It is the number of years required for an orbital period of Jupiter. It is central to many systems of timekeeping, including the Western calendar and units of time of day and frequently appears in the world's major religions.
Name
Twelve is the largest number with a single-syllable name in English. Early Germanic numbers have been theorized to have been non-decimal: evidence includes the unusual phrasing of eleven and twelve, the former use of "hundred" to refer to groups of 120, and the presence of glosses such as "tentywise" or "ten-count" in medieval texts showing that writers could not presume their readers would normally understand them that way.[1][2][3] Such uses gradually disappeared with the introduction of Arabic numerals during the 12th-century Renaissance.
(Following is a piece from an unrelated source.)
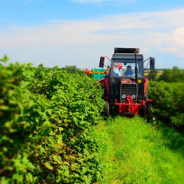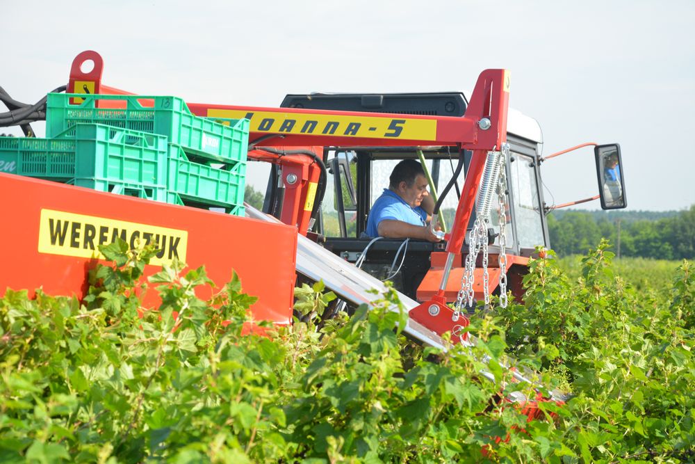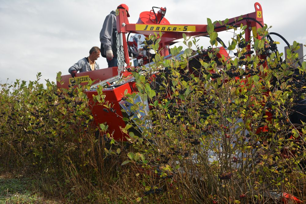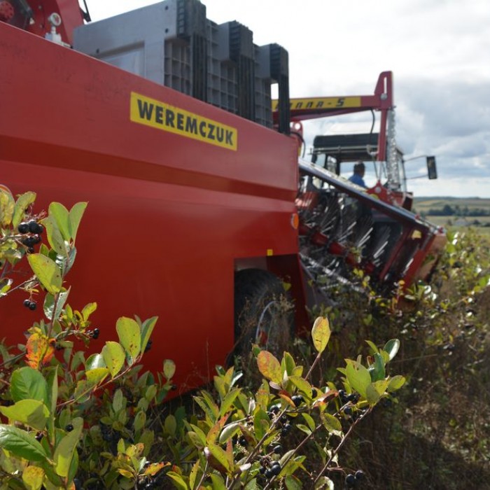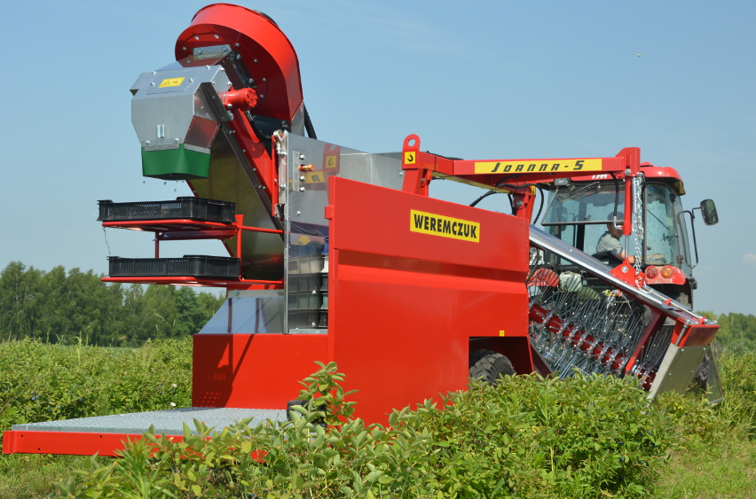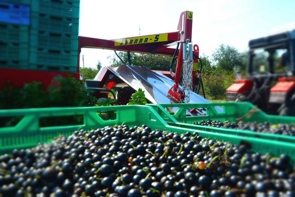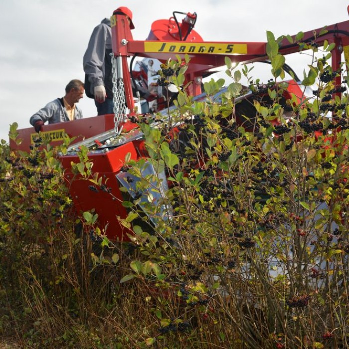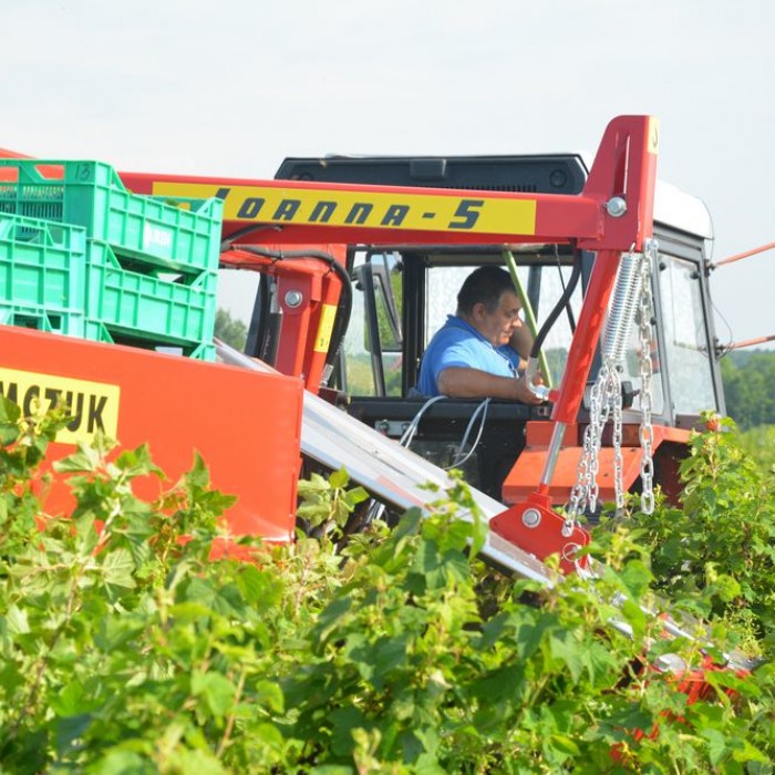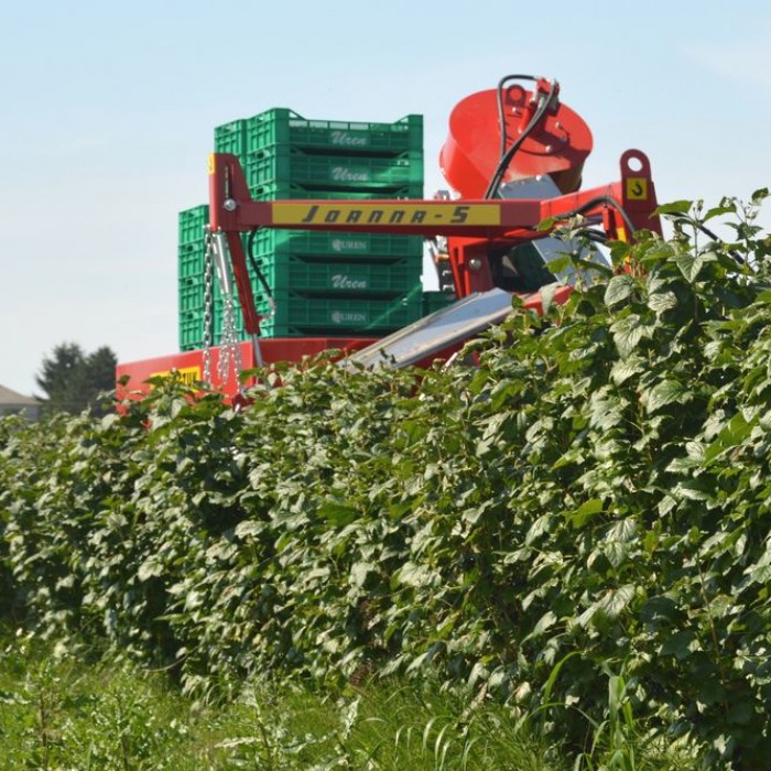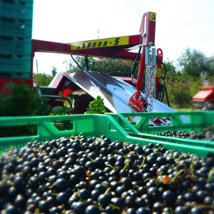 Прицепной комбайн JOANNA-5 предназначен для сбора черной, красной смородины, крыжовника, черноплодной рябины, облепихи, шиповника, жимолости (опциональное оборудование), осенних сортов малины (опциональное оборудование) и других кустарниковых ягод, возделываемых на плантациях, приспособленных для механической уборки комбайном с высотой кустов от 120 до 350 см. и шириной ряда от 20 до 70 см. Опционально возможна установка оборудования для сбора ягод с низкорослых ( от 20 см.) кустов. Главной особенностью комбайна является то, что он идеально подходит для работы с высокими и густыми кустами. Комбайн JOANNA-5 является полурядным комбайном и снабжен системой уборки ягод, основанной на одном стряхивателе с универсальной, регулируемой для всех типов ягодных кустов, головкой - что гарантирует 100% эффективность при минимальных потерях. Комбайн имеет однородную, широкую и удобную рабочую платформу, снабженную со стороны кустарника специальными защитами, предотвращающими попадание листьев в убранные ягоды, а сзади - барьер, предохраняющий ящики с ягодами от падения с платформы. На платформу можно поместить большие 500 кг контейнеры и несколько рядов ящиков. Высоко расположенный над центральным лотком транспортер обеспечивает равномерное рассыпание собранных ягод по всей поверхности контейнера.

Derived from Old English, twelf and tuelf are first attested in the 10th-century Lindisfarne Gospels' Book of John.[note 1][5] It has cognates in every Germanic language (e.g. German zwölf), whose Proto-Germanic ancestor has been reconstructed as *twaliƀi..., from *twa ("two") and suffix *-lif- or *-liƀ- of uncertain meaning.[5] It is sometimes compared with the Lithuanian dvýlika, although -lika is used as the suffix for all numbers from 11 to 19 (analogous to "-teen").[5] Every other Indo-European language instead uses a form of "two"+"ten", such as the Latin duōdecim.[5] The usual ordinal form is "twelfth" but "dozenth" or "duodecimal" (from the Latin word) is also used in some contexts, particularly base-12 numeration. Similarly, a group of twelve things is usually a "dozen" but may also be referred to as a "dodecad" or "duodecad". The adjective referring to a group of twelve is "duodecuple".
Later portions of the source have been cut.